Collected data:
◇ ◇ ◇ ◇ ◇

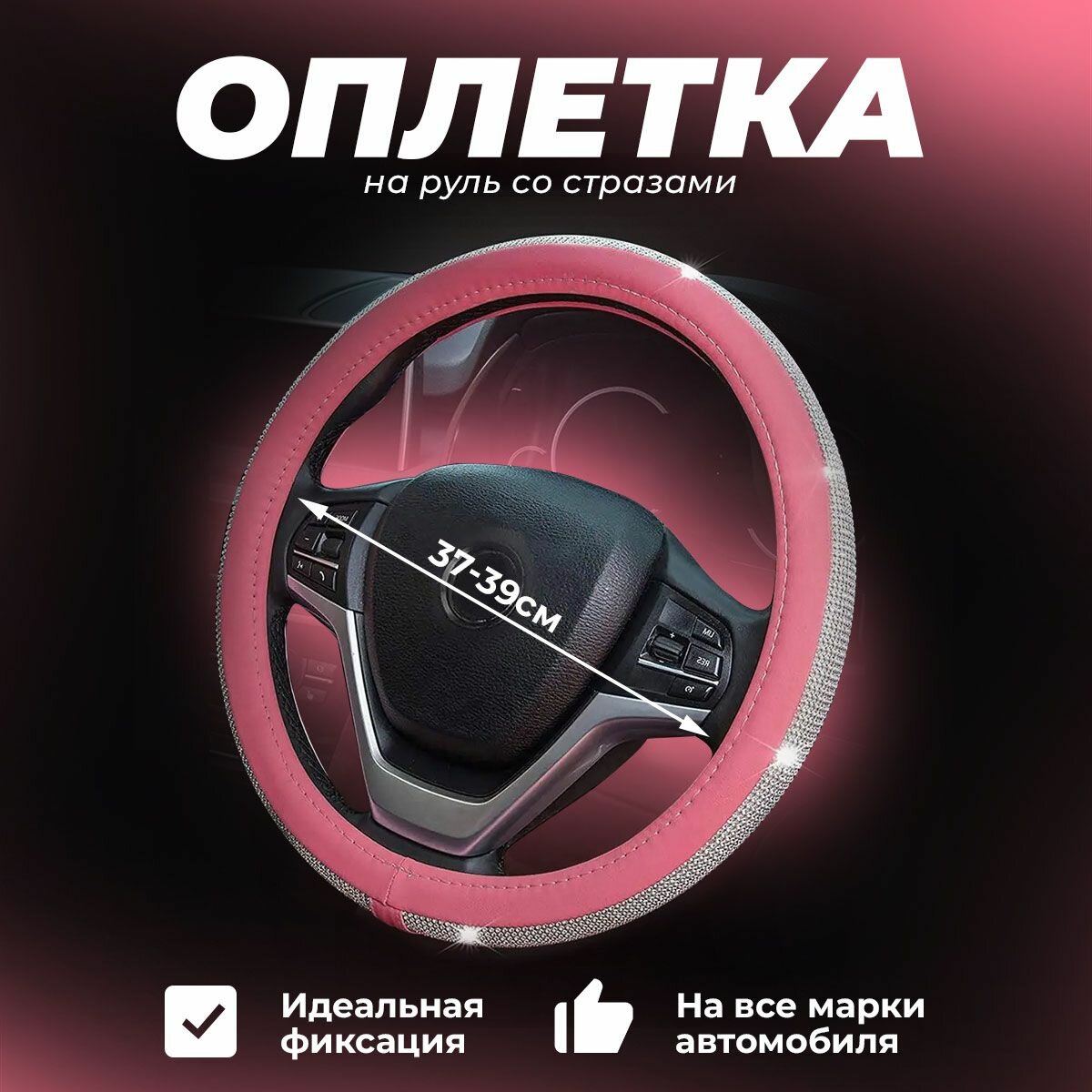 10 цен на Оплетка на руль кожаная со стразами, розовая
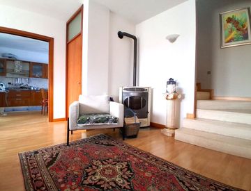 Al piano terra si sviluppa la zona giorno con un ampio salotto d'ingresso impreziosito da stufa a pellet, cucina abitabile separata dalla quale si accede direttamente allo scoperto esterno e ad un poggiolo sul retro. Completano il livello un antibagno e un bagno finestrato per ospiti.
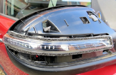 Reassembly was the reverse of disassembly, as it often is. Place the indicator repeater in place, being careful to align it with the mirror housing especially at the point that it reaches the edge. It’s then necessary to offer up the cowl, fitting the bottom first and while keeping the indicator in place. Then carefully aligning the top of the cowl while spreading it also towards the car body end to ensure that it aligns with all its fixing lugs.This reassembly requires patience and careful alignment to ensure a proper fit. When satisfied, press all the edges home.
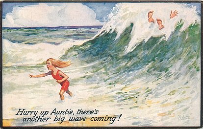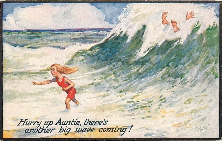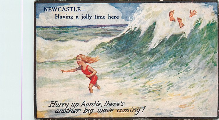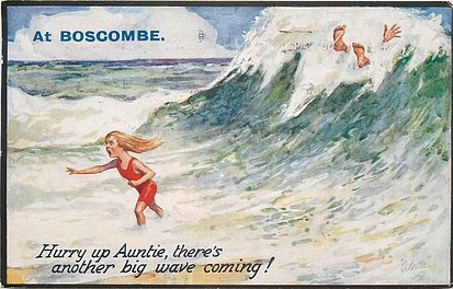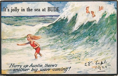 comes opt. in blue AT BOSCOMBE, NEWCASTLE - HAVING A JOLLY TIME HERE, in black IT'S JOLLY IN THE SEA AT BUDE
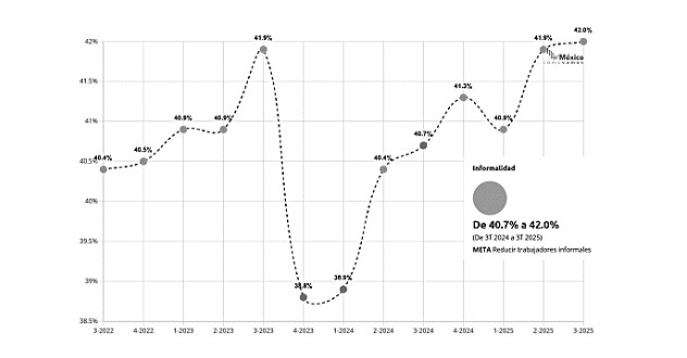 Informalidad Laboral: Para el tercer trimestre de 2025, la informalidad laboral se incrementó del 40.7% al 42% de la población ocupada.
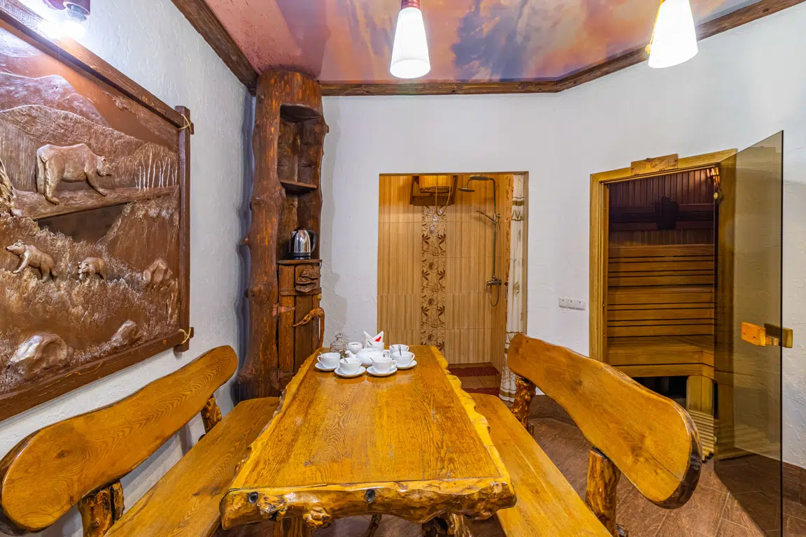 Сауна Nikolleta - розрахована на комфортне перебування 6 осіб. Інтер'єр сауни оформлений із застосуванням натурального дерева. До Ваших послуг: кімнати відпочинку, російсько-фінська парна на 6 осіб з температурним режимом 80-125 градусів, душова кабіна, басейн на 460 літрів, душова і туалетна кімната. Наша сауна пропонує широкий спектр послуг: пропарювання, всі види масажу і смачні трав'яні чаї. Сауна залишить незабутні враження після приємного відпочинку проведеного в ній!

◇ ◇ ◇ ◇ ◇

• **The problem**:
Only one thing is wanted here, an exact copy of the lines from the first line above through the line containing "Al piano terra", minus any picture.

• **Exercise solution**:
 10 цен на Оплетка на руль кожаная со стразами, розовая
 Al piano terra si sviluppa la zona giorno con un ampio salotto d'ingresso impreziosito da stufa a pellet, cucina abitabile separata dalla quale si accede direttamente allo scoperto esterno e ad un poggiolo sul retro. Completano il livello un antibagno e un bagno finestrato per ospiti.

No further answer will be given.